The applique on these squares needs tiny stitching to try and be invisible and I have been out and about to find a shop that sells suitable threads. Luckily a number of the group recommended some shops to me (someone currently in the US even offered to bring me some threads back with her), and I have found a shop not very far from here – one of two quilt shops within walking distance of the apartment (who would have thought it?) – who sell an excellent selection of
Japanese threads that are perfect for the fabrics I have. My desk is now set up in a little alcove that gets bright direct morning sunlight so that I can see to stitch very easily in the mornings – in the evenings the light in the apartment is not nearly good enough to sew by.
At the moment I am slowly making the 25 squares that go to make up the central body of the quilt. The first depicts
a couple of blue birds in a cherry tree, the second is a house with a picket fence and standing between two silver birches, the third interlocking something or others, the fourth an eight pointed star, the fifth a pair of mittens and the sixth, just finished yesterday a kind of columbine-cum-honeysuckle.
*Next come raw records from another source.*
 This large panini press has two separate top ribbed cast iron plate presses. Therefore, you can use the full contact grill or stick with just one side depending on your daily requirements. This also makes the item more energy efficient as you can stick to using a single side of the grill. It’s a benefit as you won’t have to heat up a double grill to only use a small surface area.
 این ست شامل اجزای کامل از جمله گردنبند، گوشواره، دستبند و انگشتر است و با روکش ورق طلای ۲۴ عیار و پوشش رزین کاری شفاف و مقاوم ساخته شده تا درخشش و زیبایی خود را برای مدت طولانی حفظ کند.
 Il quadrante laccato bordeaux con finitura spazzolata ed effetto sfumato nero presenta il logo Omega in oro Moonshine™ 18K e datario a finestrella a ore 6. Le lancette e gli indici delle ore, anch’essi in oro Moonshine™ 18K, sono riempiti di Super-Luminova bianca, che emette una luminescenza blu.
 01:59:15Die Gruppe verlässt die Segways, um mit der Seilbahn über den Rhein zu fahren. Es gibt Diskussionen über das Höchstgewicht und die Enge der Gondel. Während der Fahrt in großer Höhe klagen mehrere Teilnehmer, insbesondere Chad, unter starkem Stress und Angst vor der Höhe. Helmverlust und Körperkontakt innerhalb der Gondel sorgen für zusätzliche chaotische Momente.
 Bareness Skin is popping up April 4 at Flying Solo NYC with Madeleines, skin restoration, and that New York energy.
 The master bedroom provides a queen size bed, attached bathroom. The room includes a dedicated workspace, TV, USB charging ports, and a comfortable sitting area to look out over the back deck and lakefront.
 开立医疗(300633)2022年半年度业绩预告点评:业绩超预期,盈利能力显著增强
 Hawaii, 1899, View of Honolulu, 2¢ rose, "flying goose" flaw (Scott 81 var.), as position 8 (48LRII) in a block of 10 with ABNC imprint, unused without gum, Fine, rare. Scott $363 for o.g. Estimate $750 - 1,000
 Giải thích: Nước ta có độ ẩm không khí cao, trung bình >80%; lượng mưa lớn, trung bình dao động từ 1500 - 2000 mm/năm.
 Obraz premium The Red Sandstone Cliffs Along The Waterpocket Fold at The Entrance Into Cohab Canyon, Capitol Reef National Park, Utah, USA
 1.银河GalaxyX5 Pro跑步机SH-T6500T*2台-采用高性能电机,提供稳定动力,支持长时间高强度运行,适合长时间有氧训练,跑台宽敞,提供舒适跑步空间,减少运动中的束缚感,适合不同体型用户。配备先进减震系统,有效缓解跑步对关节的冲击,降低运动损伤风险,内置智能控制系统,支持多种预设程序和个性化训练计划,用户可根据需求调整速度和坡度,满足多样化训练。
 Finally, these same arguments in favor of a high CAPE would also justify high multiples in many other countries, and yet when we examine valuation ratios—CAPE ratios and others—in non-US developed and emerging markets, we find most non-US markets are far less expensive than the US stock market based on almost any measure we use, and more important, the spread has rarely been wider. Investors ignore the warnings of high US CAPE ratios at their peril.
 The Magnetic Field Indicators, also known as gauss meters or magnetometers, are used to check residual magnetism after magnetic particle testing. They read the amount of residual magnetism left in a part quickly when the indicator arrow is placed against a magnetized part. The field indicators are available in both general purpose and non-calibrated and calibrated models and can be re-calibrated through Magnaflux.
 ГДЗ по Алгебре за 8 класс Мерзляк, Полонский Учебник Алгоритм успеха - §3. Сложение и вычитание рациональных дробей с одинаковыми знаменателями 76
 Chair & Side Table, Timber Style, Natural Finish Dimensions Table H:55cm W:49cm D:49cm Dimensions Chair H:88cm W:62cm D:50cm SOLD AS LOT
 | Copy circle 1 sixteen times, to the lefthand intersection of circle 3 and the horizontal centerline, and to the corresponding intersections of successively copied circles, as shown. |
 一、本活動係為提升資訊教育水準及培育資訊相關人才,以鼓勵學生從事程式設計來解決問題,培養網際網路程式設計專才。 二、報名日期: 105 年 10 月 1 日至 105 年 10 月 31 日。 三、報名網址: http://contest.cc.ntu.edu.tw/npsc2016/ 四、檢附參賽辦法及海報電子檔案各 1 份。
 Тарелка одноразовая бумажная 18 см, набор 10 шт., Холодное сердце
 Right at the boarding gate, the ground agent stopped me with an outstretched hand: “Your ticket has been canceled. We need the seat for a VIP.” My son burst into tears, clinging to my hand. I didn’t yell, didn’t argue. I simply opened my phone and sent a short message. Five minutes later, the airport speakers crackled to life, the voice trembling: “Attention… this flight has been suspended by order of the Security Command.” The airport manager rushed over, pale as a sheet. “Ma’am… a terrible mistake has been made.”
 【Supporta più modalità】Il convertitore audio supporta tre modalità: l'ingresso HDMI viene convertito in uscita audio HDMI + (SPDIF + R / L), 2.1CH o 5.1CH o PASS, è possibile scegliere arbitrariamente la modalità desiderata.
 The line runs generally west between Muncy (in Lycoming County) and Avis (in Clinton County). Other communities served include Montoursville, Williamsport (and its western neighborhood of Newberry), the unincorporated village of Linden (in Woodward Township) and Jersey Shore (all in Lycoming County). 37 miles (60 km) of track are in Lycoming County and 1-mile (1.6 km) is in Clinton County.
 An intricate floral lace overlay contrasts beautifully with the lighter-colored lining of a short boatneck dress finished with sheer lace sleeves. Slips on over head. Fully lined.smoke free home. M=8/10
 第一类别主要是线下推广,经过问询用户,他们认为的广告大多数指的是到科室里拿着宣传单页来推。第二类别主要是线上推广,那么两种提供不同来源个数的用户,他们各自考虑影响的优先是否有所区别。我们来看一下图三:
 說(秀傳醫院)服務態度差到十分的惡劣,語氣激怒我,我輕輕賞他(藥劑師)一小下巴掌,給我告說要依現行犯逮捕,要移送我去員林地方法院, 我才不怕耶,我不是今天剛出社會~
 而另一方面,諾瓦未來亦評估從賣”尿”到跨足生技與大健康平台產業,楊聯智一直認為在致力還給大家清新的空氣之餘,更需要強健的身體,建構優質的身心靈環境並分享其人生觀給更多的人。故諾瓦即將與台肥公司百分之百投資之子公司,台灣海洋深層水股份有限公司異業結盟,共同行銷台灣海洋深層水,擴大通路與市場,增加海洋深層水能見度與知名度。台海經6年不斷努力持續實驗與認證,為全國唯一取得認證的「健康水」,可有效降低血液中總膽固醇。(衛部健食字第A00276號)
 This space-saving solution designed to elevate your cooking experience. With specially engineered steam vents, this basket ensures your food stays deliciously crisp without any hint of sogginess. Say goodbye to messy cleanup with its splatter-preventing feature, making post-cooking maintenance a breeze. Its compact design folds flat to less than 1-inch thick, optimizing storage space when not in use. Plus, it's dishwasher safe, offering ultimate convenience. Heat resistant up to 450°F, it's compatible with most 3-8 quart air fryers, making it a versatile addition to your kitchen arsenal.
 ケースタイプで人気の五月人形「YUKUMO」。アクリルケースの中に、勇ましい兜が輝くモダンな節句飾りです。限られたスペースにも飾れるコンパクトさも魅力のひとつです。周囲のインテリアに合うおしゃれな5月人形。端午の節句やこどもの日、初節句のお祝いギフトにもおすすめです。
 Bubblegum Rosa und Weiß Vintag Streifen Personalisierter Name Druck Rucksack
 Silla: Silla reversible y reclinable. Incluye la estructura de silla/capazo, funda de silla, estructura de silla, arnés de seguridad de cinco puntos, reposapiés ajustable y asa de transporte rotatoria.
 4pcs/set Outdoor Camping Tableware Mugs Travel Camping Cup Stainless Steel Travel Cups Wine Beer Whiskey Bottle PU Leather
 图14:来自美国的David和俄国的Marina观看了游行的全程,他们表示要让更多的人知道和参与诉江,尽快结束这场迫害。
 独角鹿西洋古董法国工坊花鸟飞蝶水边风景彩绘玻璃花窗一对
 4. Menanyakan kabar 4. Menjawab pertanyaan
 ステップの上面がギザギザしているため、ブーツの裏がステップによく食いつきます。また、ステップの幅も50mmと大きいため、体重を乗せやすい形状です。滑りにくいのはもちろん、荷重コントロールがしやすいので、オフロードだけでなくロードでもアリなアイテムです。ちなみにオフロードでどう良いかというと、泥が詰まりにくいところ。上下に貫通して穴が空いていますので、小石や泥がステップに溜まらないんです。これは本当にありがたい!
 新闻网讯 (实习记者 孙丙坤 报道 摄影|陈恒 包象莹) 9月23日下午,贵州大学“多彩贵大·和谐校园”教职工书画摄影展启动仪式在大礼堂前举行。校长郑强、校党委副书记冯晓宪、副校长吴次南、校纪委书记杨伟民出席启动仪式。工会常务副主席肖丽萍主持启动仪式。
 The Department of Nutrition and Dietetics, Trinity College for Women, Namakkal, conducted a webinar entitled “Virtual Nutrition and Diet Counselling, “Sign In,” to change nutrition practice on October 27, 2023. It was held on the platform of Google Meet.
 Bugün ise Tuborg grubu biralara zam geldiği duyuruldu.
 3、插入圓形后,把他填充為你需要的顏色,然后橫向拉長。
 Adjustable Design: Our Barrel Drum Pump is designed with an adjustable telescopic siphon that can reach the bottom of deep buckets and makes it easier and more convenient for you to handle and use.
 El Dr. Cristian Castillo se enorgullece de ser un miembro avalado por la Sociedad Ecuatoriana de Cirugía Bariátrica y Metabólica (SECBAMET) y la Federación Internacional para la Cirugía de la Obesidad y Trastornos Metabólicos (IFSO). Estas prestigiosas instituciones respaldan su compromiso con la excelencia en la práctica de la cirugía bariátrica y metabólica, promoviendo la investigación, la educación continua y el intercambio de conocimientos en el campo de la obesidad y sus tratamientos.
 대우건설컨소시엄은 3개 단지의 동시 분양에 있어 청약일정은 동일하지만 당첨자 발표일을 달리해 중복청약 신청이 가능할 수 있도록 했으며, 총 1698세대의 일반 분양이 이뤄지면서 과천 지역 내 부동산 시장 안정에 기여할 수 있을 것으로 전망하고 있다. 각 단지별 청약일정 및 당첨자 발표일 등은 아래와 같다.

I’ll keep you posted with updates on how the quilt is progressing – I am now trying to complete one square a week, so that the top will be finished by the autumn and then I’ll have the three months to the end of the year to Christmas to quilt it. I’ll keep you posted too on my throughly enjoyable Thursdays with the lovely ladies of the multi-national quilt group. I just wish I’d been a little more persistent last March.
We recently had to retire a quilt made for us for our wedding but our Silver Wedding Quilt has taken its place. The children each have a quilt. All presents from my mother but made by a friend of hers from Gloucestershire (now living in Wales). They are beautiful and much loved. What you are making has the potential of giving a quarter century’s daily pleasure and use. It is an enviable project.